In order to have a truly diverse pool of able lawyers to promote to tribunals and the senior courts, there needs to be diversity among the legal practices from which they are drawn. But one small perversity among the many even more iniquitous effects of the huge cuts in legal aid over the past five years, now projected to continue for another five, is that a whole tier of lawyers without any access to private means, who depend on getting a foothold in the profession by cutting their teeth on legally aided work, can no longer find the work to do. In a few years, when the Ministry of Justice comes looking for potential judges, they will no longer be there. The future of law threatens to be a place where criminal cases are conducted by a few chains of high-street lawyers on a volume basis at very low cost, while almost all civil work will have to be privately funded. It looks as if the law as a profession will revert to being the career of choice for the comfortable middle classes.

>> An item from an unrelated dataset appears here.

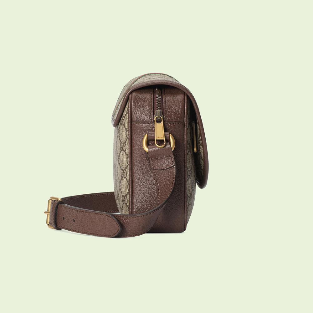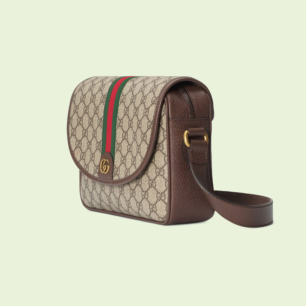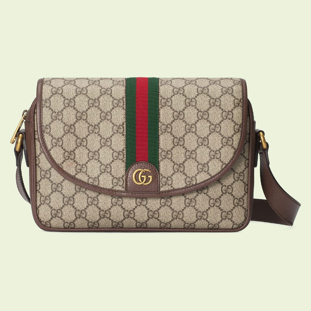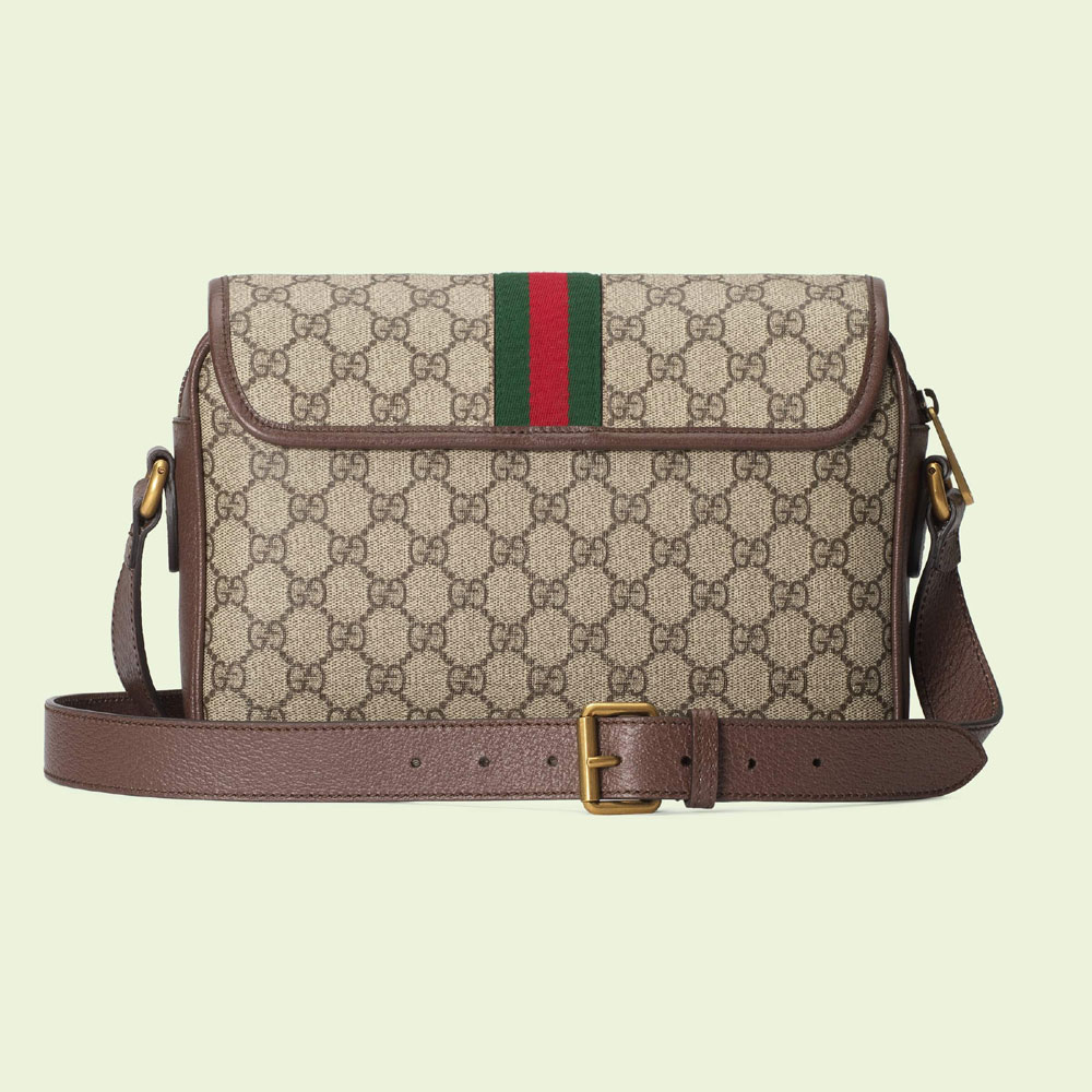 The GG Supreme canvas has come to the front of each collection decade after decade. becoming a hallmark of the House. Here the classic beige and ebony palette defines this Ophidia messenger bag. A green and red Web stripe completes the design as a subtle nod to the House's equestrian roots.
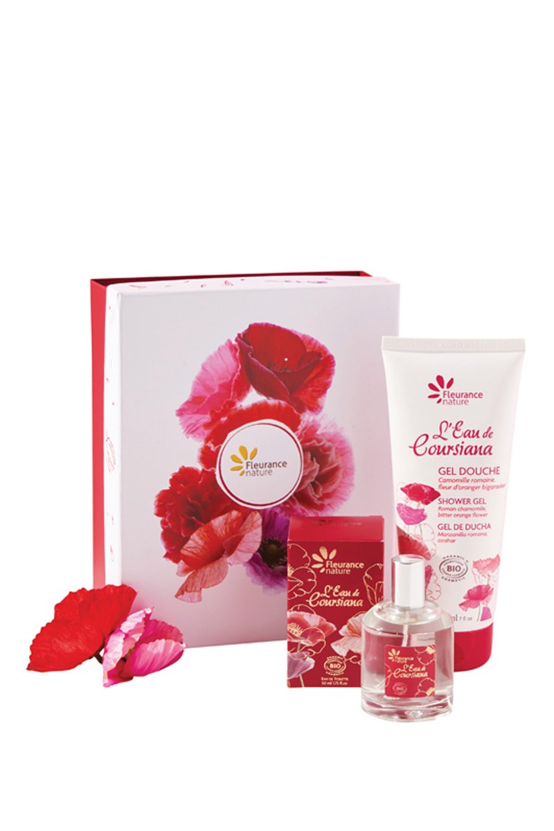 Parfum l'Eau de Coursiana : alcohol, aqua, parfum, benzyl alcohol, citral, eugenol, benzyl salicylate, cinnamal, geraniol, farnesol, linalool, benzyl benzoate, limonene.

That is only one small aspect of reforms that are having a deeply damaging effect. As the academic Frederick Wilmot-Smith has argued in two recent articles in the London Review of Books, the 30% cuts in the MoJ’s budget are undermining the principle of access to justice. As the Magna Carta jubilee celebrations should have reminded the lord chancellor, the rule of law depends on every citizen being able to defend themselves on a criminal charge or to bring a civil claim. In modern times, as governments extended their power over citizens, it became possible, say, to challenge decisions to withhold benefits. Tribunals were set up so employees had a right of redress against employers, and other tribunals allowed appeals against state decisions affecting rights of residence.

By offering the chance to defend oneself against its arbitrary or unjust application, access to the court system is the flip side of the obligation to obey the law. It is not, as ministers often say, part of the welfare state, it is part of the web of rights and duties that give society some of its resilience. The assault on the £2bn budget for legal aid; the removal of certain civil categories, like most family law or medical negligence; the painfully tight contracts for criminal legal aid, which have provoked an unprecedented strike among criminal lawyers – these are all part of a wider attempt to minimise the cost of justice to the public purse in the name of cutting the welfare budget.

Courts are now not only self-financing but expected to turn a tidy profit. Earlier this year, fees for bringing a case were sharply increased. In the teeth of concerted opposition from senior judges, some were increased by 600%. Charges calculated as a percentage of the claim being made were introduced. So a medium-sized business suing for a £150,000 payment would have to stump up £7,500 just to get into court. An attempt to raise the court fee for divorce from £410 to £750 was abandoned after universal condemnation. The actual cost to the court is estimated to be £270.

The effect of new fee levels is even more damaging to tribunals, where it is clear that many people can no longer afford to bring a case for, say, discrimination or unfair dismissal. In March, 400 barristers protested at the increase in costs, pointing out that the number of cases had fallen by 60%. Chris Grayling, the justice secretary who upped the charges, asserted that in the past, bad claims were made. But the proportion of cases succeeding is unchanged. There is no evidence that there are fewer unsuccessful claims, just fewer claims altogether.

This narrow focus on price at the expense of value, this disregard of the wider impact of being unable to challenge an injustice, is not unique to legal matters. But because it undermines a fundamental pillar of a well-ordered society, it is uniquely corrosive. The new justice secretary, Michael Gove, says his ambition is one-nation justice. It is not what his department is delivering.